Enteric-coated tablets are the tablets coated with enteric polymers. Complete coating of the tablet with these polymers allows the polymer to form a barrier between the core of the tablet and the surrounding aqueous medium. Thus, the enteric-coated tablet remains insoluble in the low pH environment of the stomach, but dissolves readily on passage into the small intestine with its elevated pH.
Enteric coating is used to minimize irritation of the gastric mucosa by certain drugs and/or protect sensitive drugs against decomposition in the acidic environment of the stomach. For example, aspirin produces less gastric bleeding when formulated as enteric-coated sustained-release (SR) tablets than conventional immediate release dosage forms.
8. Immediate release tablets
Most tablets (discussed earlier) are immediate release (IR) tablets, that is, they make all the drugs available to the dissolution medium immediately on coming in contact with the aqueous medium. The drug dissolves at a rate determined by the composition of the dissolution medium (such as pH) and physicochemical properties of the drug (such as solubility and particle size).
9. Controlled release tablets
In contrast to the IR tablets, certain dosage forms, such as controlled-release (CR) or extended-release (XR) tablets, are designed to control or extend, respectively, the rate at which drug dissolves in the aqueous medium. Thus, CR tablets reduce the rate of drug release to a slow, controlled rate, which is typically zero order. XR tablets, on the other hand, extend the duration of drug release by slowing down the rate of drug release but may not have control on the rate (i.e., may not provide zero-order kinetics of drug release).
CR or XR tablets are sometimes also called SR tablets. CR tablets can reduce dosing frequency, increase patient compliance, and may reduce side effects of certain drugs. The rate-controlling feature of the CR tablets could be either the matrix or the film coating. Coformulating or mixing drugs with water-insoluble polymers prepare matrix tablets.
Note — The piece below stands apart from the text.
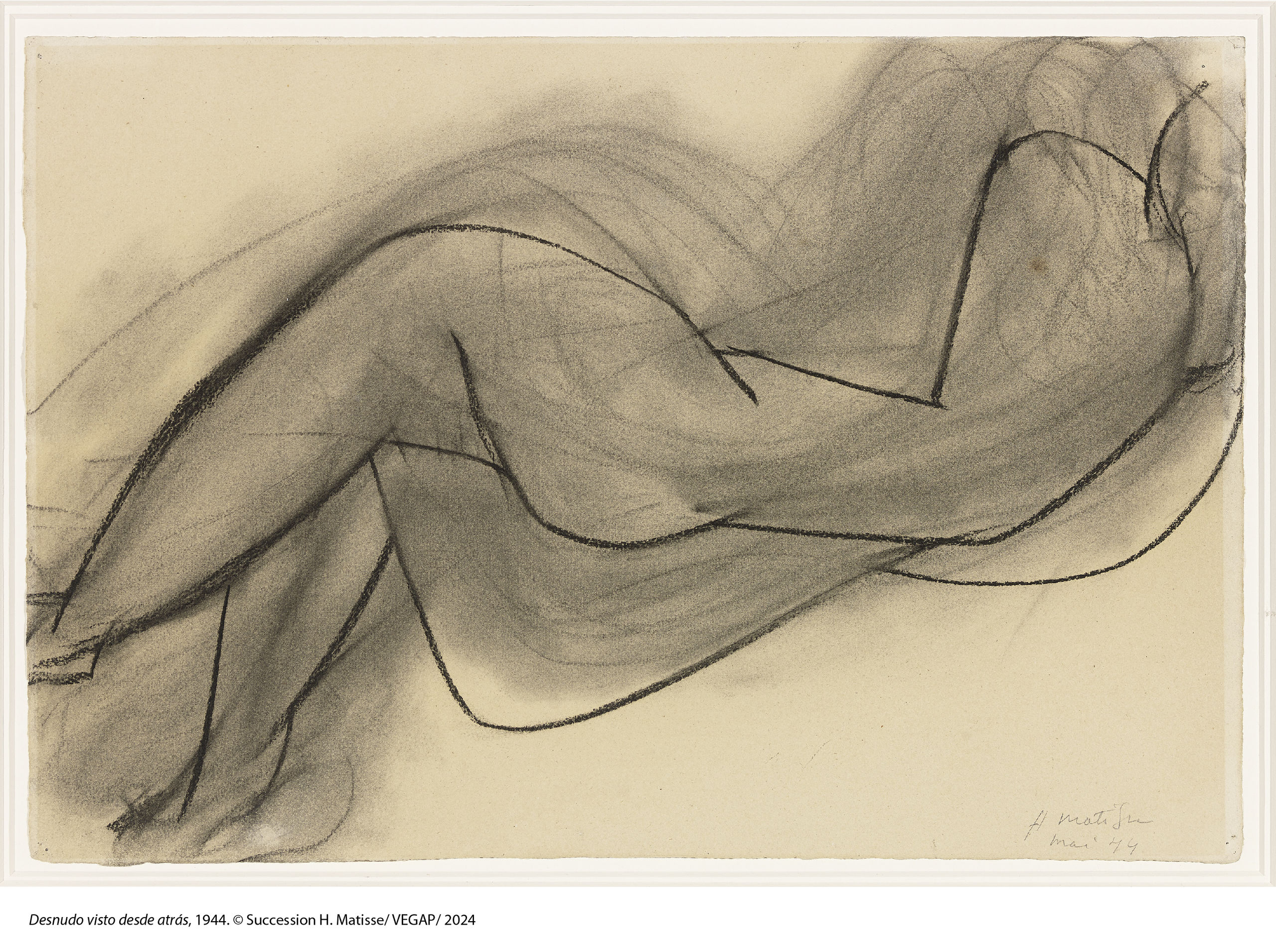 Como es sabido, Matisse fue siempre un entusiasta del dibujo. Al igual que su escultura, sus dibujos y grabados tienen entidad propia y autonomía. Por su versatilidad y facilidad, su práctica le ayuda a visibilizar el proceso creativo y las diferentes etapas de su trabajo. | Henri Matisse. Desnudo tumbado visto desde atrás, 1944. Carboncillo sobre papel. Museo Matisse de Niza. © Succession H. Matisse/ VEGAP/ 2024.

A slow dissolving polymer matrix, such as high molecular weight HPMC, can be used to prepare SR tablets of highly water-soluble drugs.
On coming in contact with the aqueous dissolution medium, the core tablet dissolves by surface erosion, and the rate of surface erosion is controlled by the rate of dissolution of the polymer matrix. For example, metformin hydrochloride XR tablets (Glucophage XR tablets®) are matrix tablets.